_To do_:
What is needed is an exact reproduction of the lines in the records below, starting at the line with "שמלת גיישה הלו" and ending at the line with "Naše koupelnové skříňky", both included, and nothing else; pictures stay out.

_Given records_:
--

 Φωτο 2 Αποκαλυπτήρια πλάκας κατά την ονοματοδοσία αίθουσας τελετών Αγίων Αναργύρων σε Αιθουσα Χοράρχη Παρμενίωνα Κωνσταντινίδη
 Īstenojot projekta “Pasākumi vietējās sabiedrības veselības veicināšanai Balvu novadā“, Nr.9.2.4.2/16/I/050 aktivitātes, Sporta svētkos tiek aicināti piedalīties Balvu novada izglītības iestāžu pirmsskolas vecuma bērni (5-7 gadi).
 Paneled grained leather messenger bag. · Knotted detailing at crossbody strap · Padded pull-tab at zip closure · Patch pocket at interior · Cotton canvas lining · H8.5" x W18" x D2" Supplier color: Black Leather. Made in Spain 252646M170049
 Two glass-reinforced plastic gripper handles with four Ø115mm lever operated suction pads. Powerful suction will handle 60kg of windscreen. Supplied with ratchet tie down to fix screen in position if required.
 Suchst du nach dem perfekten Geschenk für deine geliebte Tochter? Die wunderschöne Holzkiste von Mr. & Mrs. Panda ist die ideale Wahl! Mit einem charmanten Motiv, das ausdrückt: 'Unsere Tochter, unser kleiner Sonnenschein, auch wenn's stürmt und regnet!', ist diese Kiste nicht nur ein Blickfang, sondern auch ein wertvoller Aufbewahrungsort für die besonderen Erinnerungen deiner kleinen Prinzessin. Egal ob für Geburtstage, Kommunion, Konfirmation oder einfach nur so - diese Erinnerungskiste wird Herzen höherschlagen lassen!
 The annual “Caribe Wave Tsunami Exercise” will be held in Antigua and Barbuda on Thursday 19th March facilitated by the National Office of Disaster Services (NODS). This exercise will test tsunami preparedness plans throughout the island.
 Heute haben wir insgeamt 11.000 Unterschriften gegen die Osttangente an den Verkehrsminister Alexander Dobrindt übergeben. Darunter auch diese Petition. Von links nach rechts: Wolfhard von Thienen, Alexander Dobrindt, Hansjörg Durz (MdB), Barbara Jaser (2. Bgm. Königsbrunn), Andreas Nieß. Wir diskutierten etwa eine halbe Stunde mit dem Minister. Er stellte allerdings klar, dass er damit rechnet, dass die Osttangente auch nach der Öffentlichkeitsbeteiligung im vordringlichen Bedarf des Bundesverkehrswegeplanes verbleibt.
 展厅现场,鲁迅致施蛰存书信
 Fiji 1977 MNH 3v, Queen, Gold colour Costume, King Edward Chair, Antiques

--

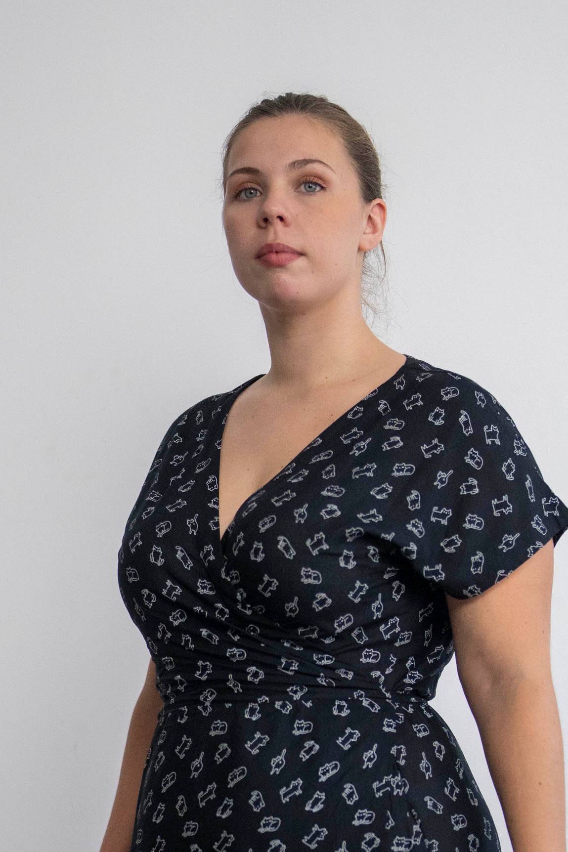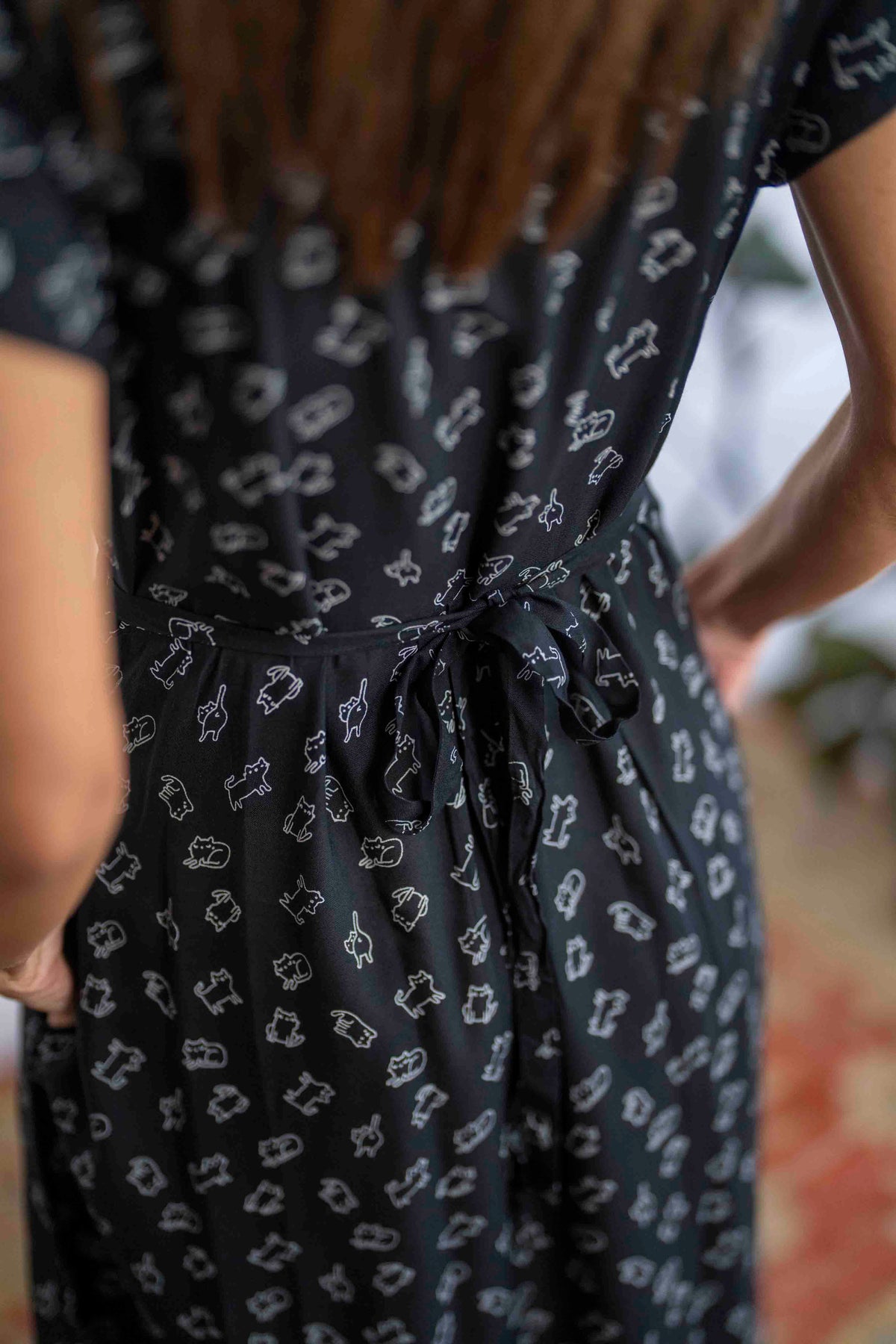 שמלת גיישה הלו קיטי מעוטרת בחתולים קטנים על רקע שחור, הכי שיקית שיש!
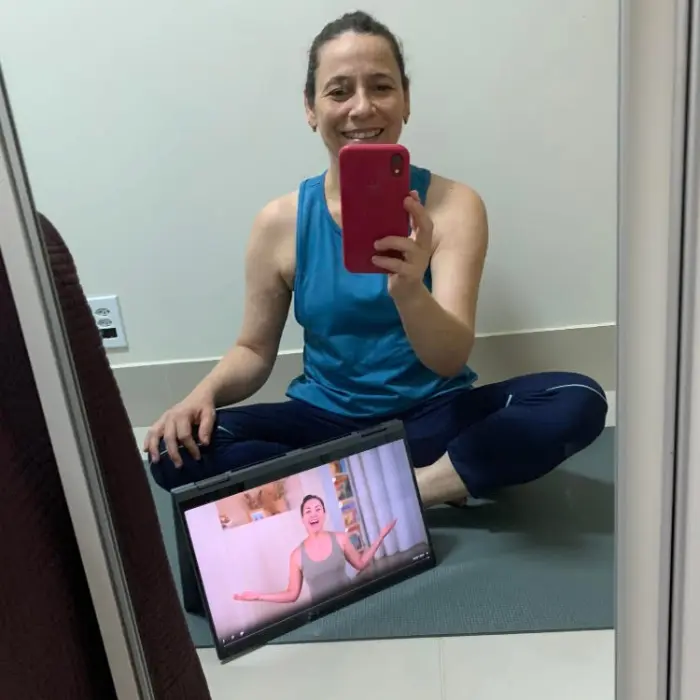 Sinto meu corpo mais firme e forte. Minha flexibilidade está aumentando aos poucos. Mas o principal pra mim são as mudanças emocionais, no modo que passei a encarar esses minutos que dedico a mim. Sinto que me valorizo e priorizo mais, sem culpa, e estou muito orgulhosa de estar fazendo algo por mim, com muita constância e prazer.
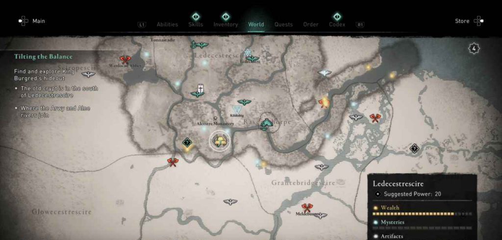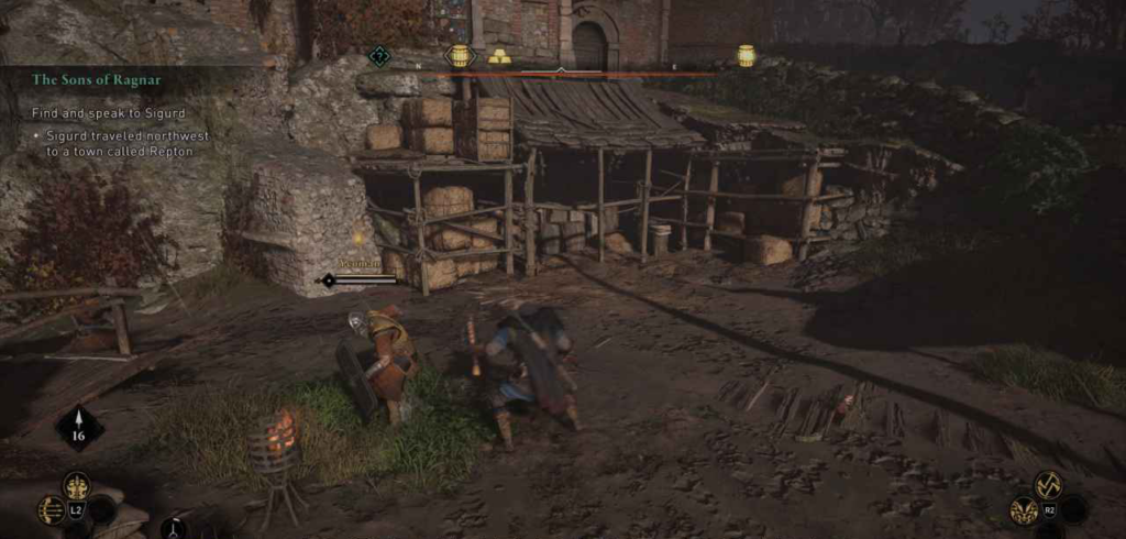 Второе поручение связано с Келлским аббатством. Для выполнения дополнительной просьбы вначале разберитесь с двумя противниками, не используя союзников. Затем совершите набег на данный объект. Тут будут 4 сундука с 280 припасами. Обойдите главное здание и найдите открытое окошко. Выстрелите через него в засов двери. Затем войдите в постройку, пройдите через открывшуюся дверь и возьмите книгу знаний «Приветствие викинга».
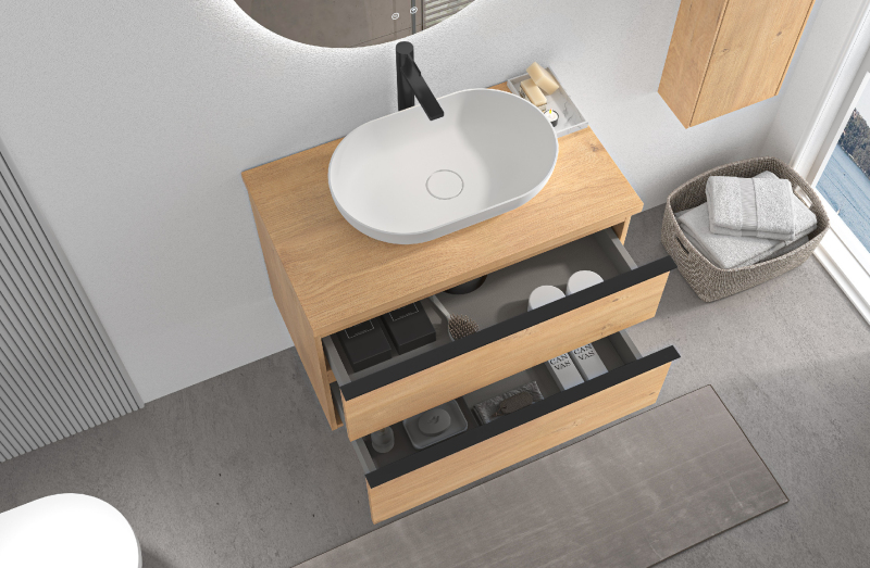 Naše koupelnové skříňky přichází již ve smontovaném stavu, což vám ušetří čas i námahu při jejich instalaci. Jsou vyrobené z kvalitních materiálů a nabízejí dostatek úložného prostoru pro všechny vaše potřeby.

--

_Exercise response_:
 שמלת גיישה הלו קיטי מעוטרת בחתולים קטנים על רקע שחור, הכי שיקית שיש!
 Sinto meu corpo mais firme e forte. Minha flexibilidade está aumentando aos poucos. Mas o principal pra mim são as mudanças emocionais, no modo que passei a encarar esses minutos que dedico a mim. Sinto que me valorizo e priorizo mais, sem culpa, e estou muito orgulhosa de estar fazendo algo por mim, com muita constância e prazer.
 Второе поручение связано с Келлским аббатством. Для выполнения дополнительной просьбы вначале разберитесь с двумя противниками, не используя союзников. Затем совершите набег на данный объект. Тут будут 4 сундука с 280 припасами. Обойдите главное здание и найдите открытое окошко. Выстрелите через него в засов двери. Затем войдите в постройку, пройдите через открывшуюся дверь и возьмите книгу знаний «Приветствие викинга».
 Naše koupelnové skříňky přichází již ve smontovaném stavu, což vám ušetří čas i námahu při jejich instalaci. Jsou vyrobené z kvalitních materiálů a nabízejí dostatek úložného prostoru pro všechny vaše potřeby.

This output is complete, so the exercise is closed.